Dilara Soley Deli

Personal information
- Date of birth: 14 April 2002 (age 24)
- Place of birth: Lippstadt, Germany
- Height: 1.77 m (5 ft 10 in)
- Positions: Defender; midfielder;

Team information
- Current team: Schalke 04
- Number: 22

Youth career
- 2018–2019: FSV Gütersloh 2009

Senior career*
- Years: Team / Apps / (Gls)
- 2019–2021: Arminia Bielefeld / 6 / (0)
- 2021–2022: SV Elversberg / 4 / (0)
- 2023–2024: Charleroi / 8 / (0)
- 2024: Sporting de Huelva
- 2025–: Schalke 04

International career^{‡}
- 2018: Azerbaijan U-17 / 3 / (1)
- 2019: Azerbaijan U-19 / 6 / (1)
- 2022–: Turkey / 2 / (0)

= Dilara Soley Deli =

Turkish footballer (born 2002)

Dilara Soley Deli (born 14 April 2002) is a footballer who plays as a defender or midfielder for German club Schalke 04. Born in Germany, she plays for the Turkey women's national team. She is a former Azerbaijan youth international.

== Club career ==
Deli started her career in the 2018–19 season in the youth team of FSV Gütersloh 2009 in Germany. She plays in the defender/midfielder position, and is tall.

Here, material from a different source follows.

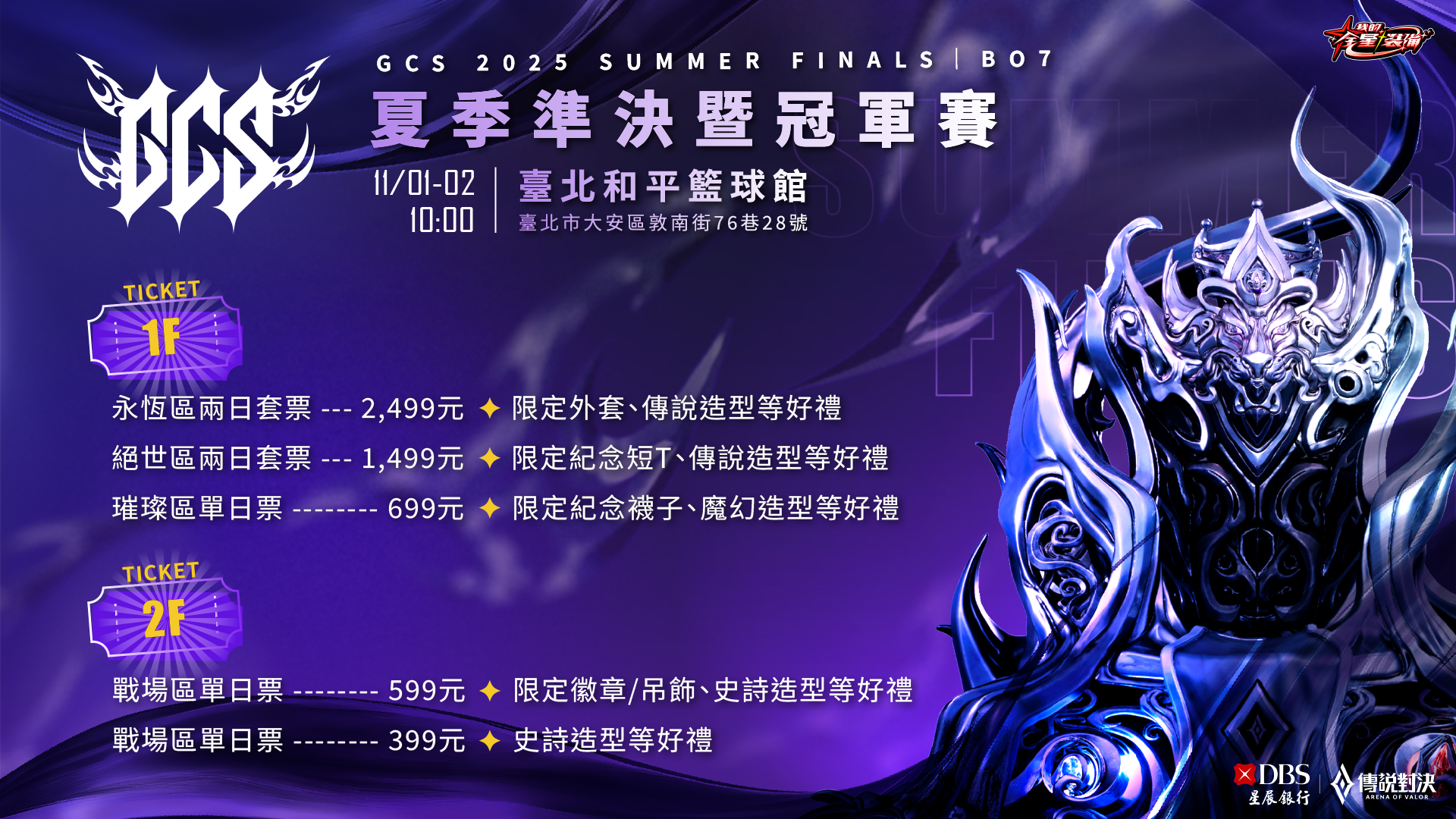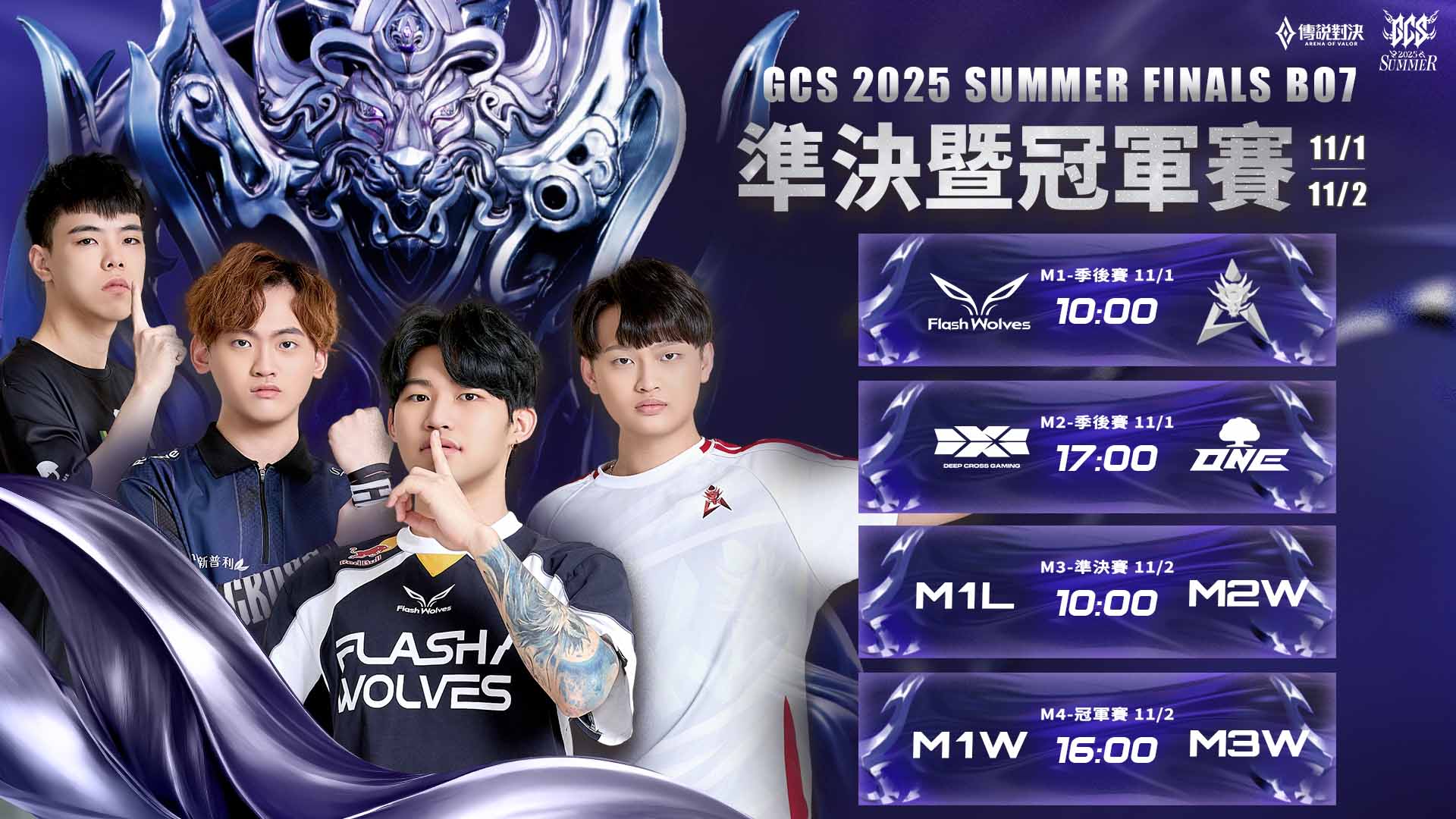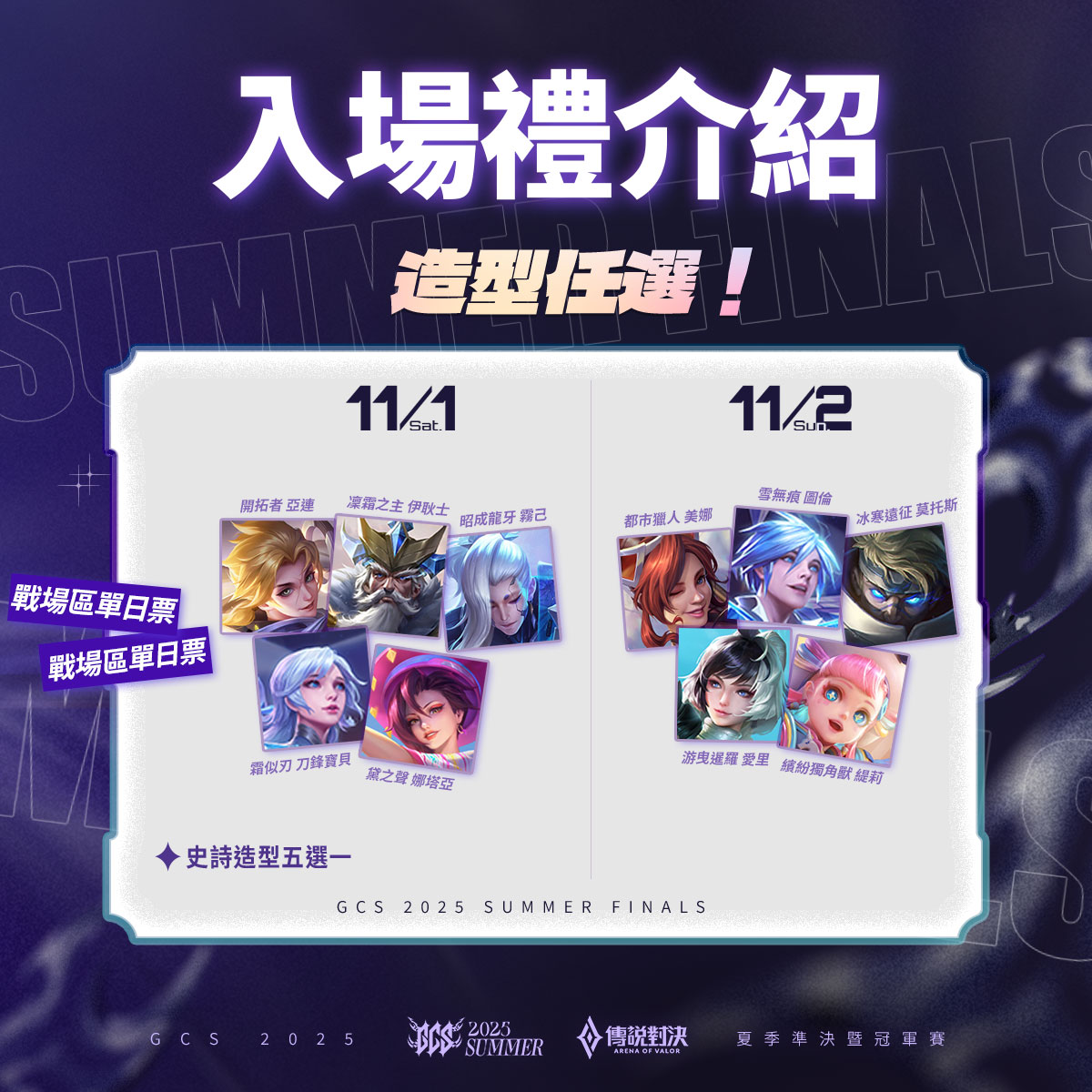 《Garena 傳說對決》GCS 2025 夏季總決賽將於 11 月 1 日(六)至 11 月 2 日(日)在臺北和平籃球館盛大登場。本次賽事為 GCS 歷年規模最大的一屆,更首度採兩日制舉行線下總決賽。四支頂尖隊伍:FW(Flash Wolves)、HKA(Hong Kong Attitude)、DCG(Deep Cross Gaming)與 ONE(ONE Team)將在總決賽舞台上展開最終對決,爭奪冠軍榮耀與新台幣 250 萬元的總獎金。11 月 1 日率先登場的為夏季賽季後賽,準決賽及冠軍賽則將於 11 月 2 日隆重展開。

She played for Arminia Bielefeld four matches in the 2019–20 2. Frauen-Bundesliga, two games in the 2019–20 DFB-Pokal Frauen, as well as two matches in the 2020–21 2. Frauen-Bundesliga. She was a member of SV 07 Elversberg in four games in the 2021–22 Regionalliga West season. In the 2021–22 season, she suffered a tear of the Fibular collateral ligament on her knee, and had to stay away from the pitch between 28 March and 6 June 2022.

In the 2023–24 season, she plays for Charleroi in the Belgian Women's Super League. In January 2025, she joined Schalke 04 in Westfalenliga, following a brief stint with Spanish side Sporting de Huelva.

== International career ==
=== Azerbaijan U-17 ===
Playing on 28 March 2018 for Azerbaijan U-17 team at the 2018 UEFA Women's Under-17 Championship qualification, she scored her team's only goal in the match against Iceland. She capped three times in total.

=== Azerbaijan U-19 ===
On 8 October 2019, she scored the winning goal for Azerbaijan U-19 team against Albania at the 2020 UEFA Women's Under-19 Championship qualification. She was in six matches for the Azerbaijan U-19 team.

=== Turkey ===
In June 2022, Deli was called up to the preparation camp of the Turkey team. She was then admitted to the national team, and debuted in the friendly match against Estonia on 17 July 2023 in Tallinn, Estonia. She played at the 2023–24 UEFA Women's Nations League C Group 2 against Lithuania on 26 September 2023.

== Personal life ==
Dilara Soley Deli was born in Lippstadt, North Rhine-Westphalia, Germany on 14 April 2002. She owns double citizenship from Azerbaijan and Turkey.